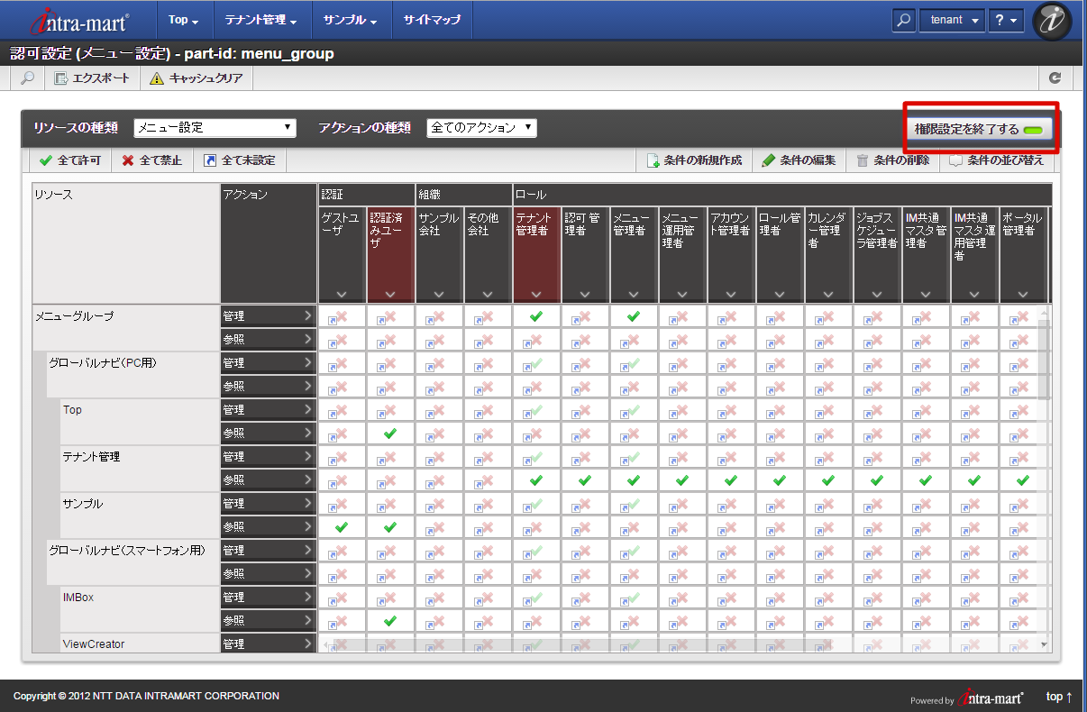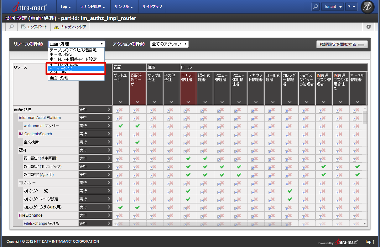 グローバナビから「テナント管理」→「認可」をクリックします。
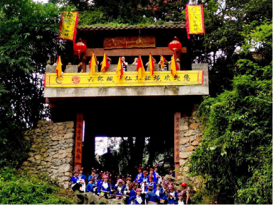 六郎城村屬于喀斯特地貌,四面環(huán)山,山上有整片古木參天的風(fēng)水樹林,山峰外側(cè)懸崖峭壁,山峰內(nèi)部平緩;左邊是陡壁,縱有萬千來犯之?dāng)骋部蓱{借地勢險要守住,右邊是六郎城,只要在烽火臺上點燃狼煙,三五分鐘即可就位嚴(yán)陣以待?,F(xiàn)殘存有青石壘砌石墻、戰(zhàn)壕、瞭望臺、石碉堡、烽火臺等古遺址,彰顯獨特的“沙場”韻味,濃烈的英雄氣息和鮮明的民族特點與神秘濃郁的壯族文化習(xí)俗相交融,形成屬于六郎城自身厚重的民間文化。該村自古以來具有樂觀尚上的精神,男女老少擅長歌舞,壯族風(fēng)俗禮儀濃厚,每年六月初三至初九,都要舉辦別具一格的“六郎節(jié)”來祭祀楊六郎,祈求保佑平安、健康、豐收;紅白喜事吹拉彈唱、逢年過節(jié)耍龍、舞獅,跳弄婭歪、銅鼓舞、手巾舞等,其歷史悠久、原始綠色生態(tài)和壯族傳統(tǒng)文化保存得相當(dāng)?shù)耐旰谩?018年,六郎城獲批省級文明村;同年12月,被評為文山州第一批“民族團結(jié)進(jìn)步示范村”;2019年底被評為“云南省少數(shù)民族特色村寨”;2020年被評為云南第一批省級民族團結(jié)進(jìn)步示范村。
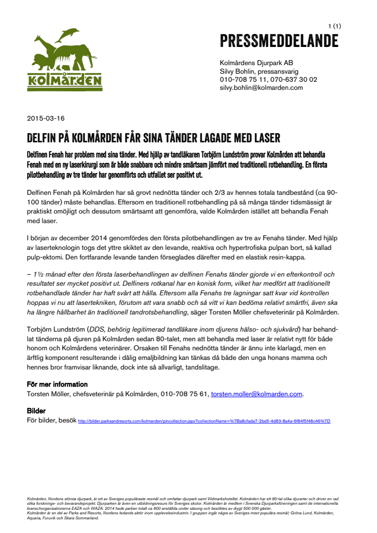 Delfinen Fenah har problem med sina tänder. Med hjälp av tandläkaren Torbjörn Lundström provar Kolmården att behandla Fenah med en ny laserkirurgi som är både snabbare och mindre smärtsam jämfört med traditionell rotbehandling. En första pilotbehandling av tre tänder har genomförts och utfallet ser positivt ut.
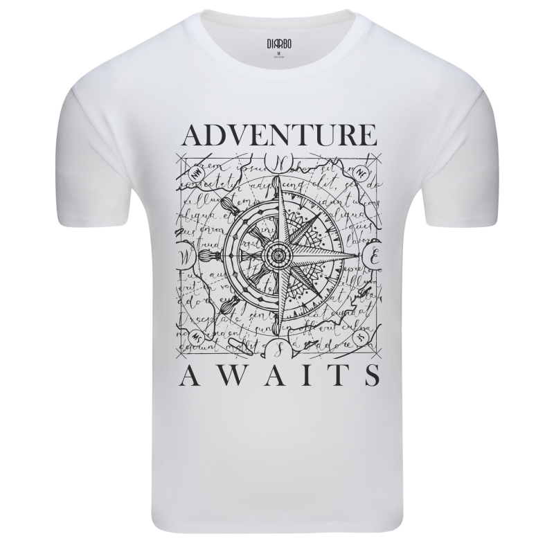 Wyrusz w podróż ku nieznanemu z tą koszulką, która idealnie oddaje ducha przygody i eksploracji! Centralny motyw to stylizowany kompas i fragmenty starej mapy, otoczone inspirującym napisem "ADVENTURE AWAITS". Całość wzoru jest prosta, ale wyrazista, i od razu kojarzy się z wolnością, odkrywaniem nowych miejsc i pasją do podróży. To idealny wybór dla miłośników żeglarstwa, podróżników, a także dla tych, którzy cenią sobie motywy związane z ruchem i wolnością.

--------------------------------

* **Directions**: In the data above, the line containing "六郎城村屬于喀斯特地貌,四面" and all lines after it are to be reproduced exactly, leaving out the pictures.

* **Solution to the problem**:
 六郎城村屬于喀斯特地貌,四面環(huán)山,山上有整片古木參天的風(fēng)水樹林,山峰外側(cè)懸崖峭壁,山峰內(nèi)部平緩;左邊是陡壁,縱有萬千來犯之?dāng)骋部蓱{借地勢險要守住,右邊是六郎城,只要在烽火臺上點燃狼煙,三五分鐘即可就位嚴(yán)陣以待?,F(xiàn)殘存有青石壘砌石墻、戰(zhàn)壕、瞭望臺、石碉堡、烽火臺等古遺址,彰顯獨特的“沙場”韻味,濃烈的英雄氣息和鮮明的民族特點與神秘濃郁的壯族文化習(xí)俗相交融,形成屬于六郎城自身厚重的民間文化。該村自古以來具有樂觀尚上的精神,男女老少擅長歌舞,壯族風(fēng)俗禮儀濃厚,每年六月初三至初九,都要舉辦別具一格的“六郎節(jié)”來祭祀楊六郎,祈求保佑平安、健康、豐收;紅白喜事吹拉彈唱、逢年過節(jié)耍龍、舞獅,跳弄婭歪、銅鼓舞、手巾舞等,其歷史悠久、原始綠色生態(tài)和壯族傳統(tǒng)文化保存得相當(dāng)?shù)耐旰谩?018年,六郎城獲批省級文明村;同年12月,被評為文山州第一批“民族團結(jié)進(jìn)步示范村”;2019年底被評為“云南省少數(shù)民族特色村寨”;2020年被評為云南第一批省級民族團結(jié)進(jìn)步示范村。
 Delfinen Fenah har problem med sina tänder. Med hjälp av tandläkaren Torbjörn Lundström provar Kolmården att behandla Fenah med en ny laserkirurgi som är både snabbare och mindre smärtsam jämfört med traditionell rotbehandling. En första pilotbehandling av tre tänder har genomförts och utfallet ser positivt ut.
 Wyrusz w podróż ku nieznanemu z tą koszulką, która idealnie oddaje ducha przygody i eksploracji! Centralny motyw to stylizowany kompas i fragmenty starej mapy, otoczone inspirującym napisem "ADVENTURE AWAITS". Całość wzoru jest prosta, ale wyrazista, i od razu kojarzy się z wolnością, odkrywaniem nowych miejsc i pasją do podróży. To idealny wybór dla miłośników żeglarstwa, podróżników, a także dla tych, którzy cenią sobie motywy związane z ruchem i wolnością.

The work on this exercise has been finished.